Cadavre? «Quelqu’un, vous ou moi, s’avance et dit: ‘’je voudrais apprendre à vivre enfin’’. Enfin mais pourquoi? ‘’Apprendre à vivre.’’ Etrange mot d’ordre. Qui apprendrait? De qui? Apprendre à vivre, mais à qui? Saura-t-on jamais? Saura-t-on jamais vivre, et d’abord ce que veut dire ‘’apprendre à vivre’’? Et pourquoi ‘’enfin’’?» Pour les hommes de la génération du bloc-noteur, les premières phrases d’un des plus fabuleux livres de Jacques Derrida, «Spectres de Marx», publié en 1993, constituèrent bien plus qu’une onde de choc: une évidence, pour ne pas dire une espèce de révélation. Plutôt un rappel à l’ordre.

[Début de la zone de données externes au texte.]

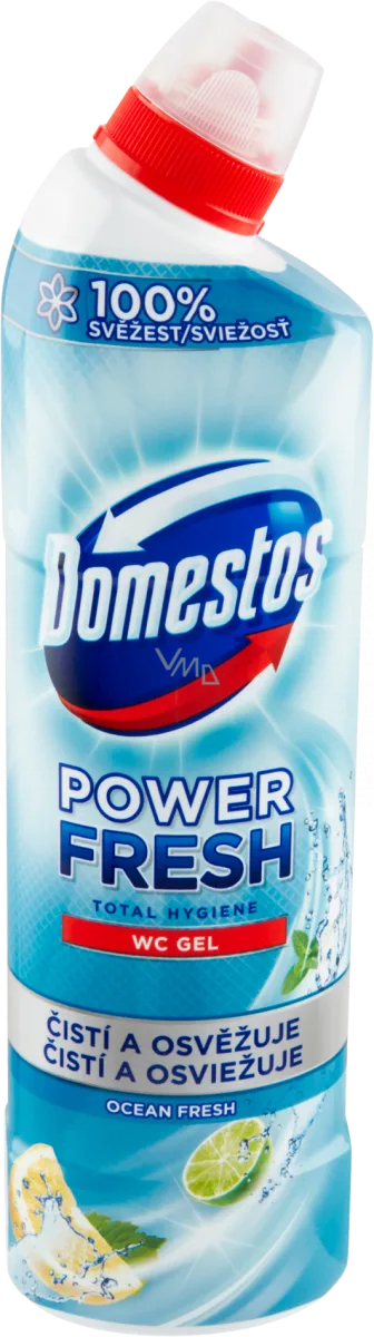 Domestos WC gel Power Fresh je určen k účinnému odstraňování vodního kamene v toaletě. Přilne k povrchu toaletní mísy, kde působí dlouhou dobu, a to dokonce i pod vodní hladinou! WC gel Power Fresh odstraňuje 99,9 % známých bakterií.
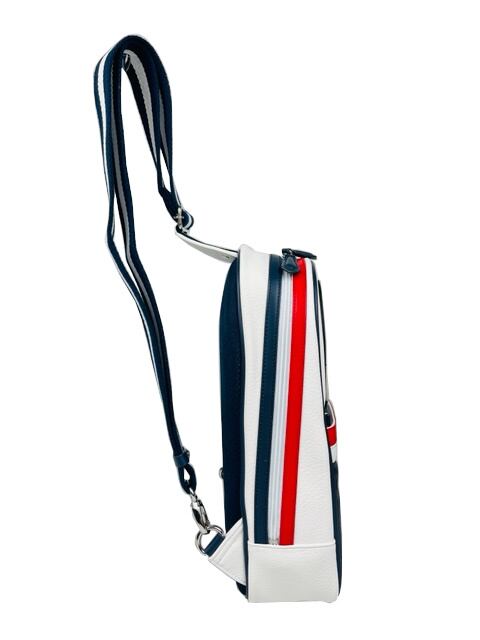 デザイン性と実用性を併せ持つポケットと、トリコロールカラーの大胆な組み合わせがポイントのボディバッグ。
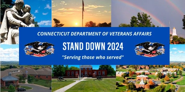 The Connecticut Department of Veterans Affairs will be hosting STAND DOWN 2024 on Friday, September 20, from 9:00 a.m. – 2:00 p.m., to provide access to a range of programs and services offered by state and federal agencies, Veterans organizations, and community-based non-profits at these regional sites across the State.

Venant d’un philosophe qui s’honora toute son existence de « déconstruire » avant de s’engager, au point de l’inventer en concept, la leçon était brutale mais salutaire pour tous les héritiers marxiens, et le parti-pris de Derrida avait pour but de nous sortir d’un début de sommeil – qui aurait manqué de nous endormir collectivement. «Spectres de Marx» prenait pour point de départ la critique frontale d’un dogmatisme assez «moderne» propre à toute ses intolérances, que l’on pouvait alors résumer de la sorte: «Tout le monde le sait, sachez-le, le marxisme est mort. Marx aussi, n’en doutons plus.» Un nouvel «ordre du monde», fondé sur un ordo-libéralisme galopant, tentait de stabiliser son hégémonie dans l’évidence d’un «acte de décès», servi par toute l’aristocratie intellectuelle de l’époque, inventant à grands renforts idéologiques les prémisses de ce que nous vivons aujourd’hui à grande échelle. Le discours maniaque qui dominait avait la forme jubilatoire et obscène que Freud attribuait à une phase triomphante dans le travail de deuil. Jacques Derrida sauvait l’honneur pour dénoncer les incantations psalmodiées.
 
Témoins. Où en sommes-nous vingt-cinq ans après? Le diagnostic de Jacques Derrida est-il caduque et dépassé? A-t-il joué ce rôle subversif – avant l’heure – pour nous rattraper par la manche et par-là même participer à l’édification d’un «nouveau Marx» en devenir, qui ne manquerait pas, tôt ou tard, de resurgir des limbes mondialisées?